Читать книгу SCADA Security - Xun Yi - Страница 11

FOREWORD

In recent years, SCADA systems have been interfaced with enterprise systems, which therefore exposed them to the vulnerabilities of the Internet and to security threats. Therefore, there has been an increase in cyber intrusions targeting these systems and they are becoming an increasingly global and urgent problem. This is because compromising a SCADA system can lead to large financial losses and serious impact on public safety and the environment. As a countermeasure, Intrusion Detection Systems (IDSs) tailored for SCADA are designed to identify intrusions by comparing observable behavior against suspicious patterns, and to notify administrators by raising intrusion alarms. In the existing literature, there are three types of learning methods that are often adopted by IDS for learning system behavior and building the detection models, namely supervised, semisupervised, and unsupervised. In supervised learning, anomaly‐based IDS requires class labels for both normal and abnormal behavior in order to build normal/abnormal profiles. This type of learning is costly however and time‐expensive when identifying the class labels for a large amount of data. Hence, semi‐supervised learning is introduced as an alternative solution, where an anomaly‐based IDS builds only normal profiles from the normal data that is collected over a period of “normal” operations. However, the main drawback of this learning method is that comprehensive and “purely” normal data are not easy to obtain. This is because the collection of normal data requires that a given system operates under normal conditions for a long time, and intrusive activities may occur during this period of the data collection process. On the another hand, the reliance only on abnormal data for building abnormal profiles is infeasible since the possible abnormal behavior that may occur in the future cannot be known in advance. Alternatively, and for preventing threats that are new or unknown, an anomaly‐based IDS uses unsupervised learning methods to build normal/abnormal profiles from unlabeled data, where prior knowledge about normal/abnormal data is not known. Indeed, this is a cost‐efficient method since it can learn from unlabeled data. This is because human expertise is not required to identify the behavior (whether normal or abnormal) for each observation in a large amount of training data sets. However, it suffers from low efficiency and poor accuracy.

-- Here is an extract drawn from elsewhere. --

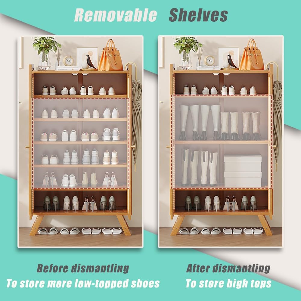 Endlich Ordnung im Eingangsbereich! Dieser stylische Schuhschrank von LARFOEK bringt nicht nur Stauraum für bis zu 10 Paar Schuhe, sondern sieht dabei auch noch mega aus. Die beiden Klappen sind aus echtem Kunstrattan - super robust und feuchtigkeitsresistent, genau wie bei hochwertigen Gartenmöbeln. Besonders praktisch: Die mittlere Trennwand ist einfach entfernbar, sodass auch hohe Stiefel oder Sneakers problemlos Platz finden. Oben gibt's eine extra Ablage mit Kantenschutz, wo du Schlüssel, Portemonnaie oder deine Handtasche ablegen kannst. Das Kiefernholz-Gestell ist richtig stabil und hält auch was aus. Und keine Sorge vorm Umkippen - mit dem mitgelieferten Wandanker machst du den Schrank bombenfest. Maße: 60,2 x 24 x 110,3 cm. Perfekt für schmale Flure oder den Hauseingang!

This book provides the latest research and best practices of unsupervised intrusion detection methods tailored for SCADA systems. In Chapter 3, framework for a SCADA security testbed based on virtualisation technology is described for evaluating and testing the practicality and efficacy of any proposed SCADA security solution. Undoubtedly, the proposed testbed is a salient part for evaluating and testing because the actual SCADA systems cannot be used for such purposes because availability and performance, which are the most important issues, are most likely to be affected when analysing vulnerabilities, threats, and the impact of attacks. In the literature, the k‐Nearest Neighbour (k‐NN) algorithm was found to be one of top ten most interesting and best algorithms for data mining in general and in particular it has demonstrated promising results in anomaly detection. However, the traditional k‐NN algorithm suffers from high and “curse of dimensionality” since it needs a large amount of distance calculations. Chapter 4 describes a novel k‐NN algorithm that efficiently works on high‐dimensional data of various distributions. In addition, an extensive experimental study and comparison with several algorithms using benchmark data sets were conducted. Chapters 5 and 6 introduce the practicality and possibility of unsupervised intrusion detection methods tailored for SCADA systems, and demonstrate the accuracy of unsupervised anomaly detection methods that build normal/abnormal profiles from unlabeled data. Finally, Chapter 7 describes two authentication protocols to efficiently protect SCADA Systems, and Chapter 8 nicely concludes with the various solutions/methods described in this book with the aim to outline possible future extensions of these described methods.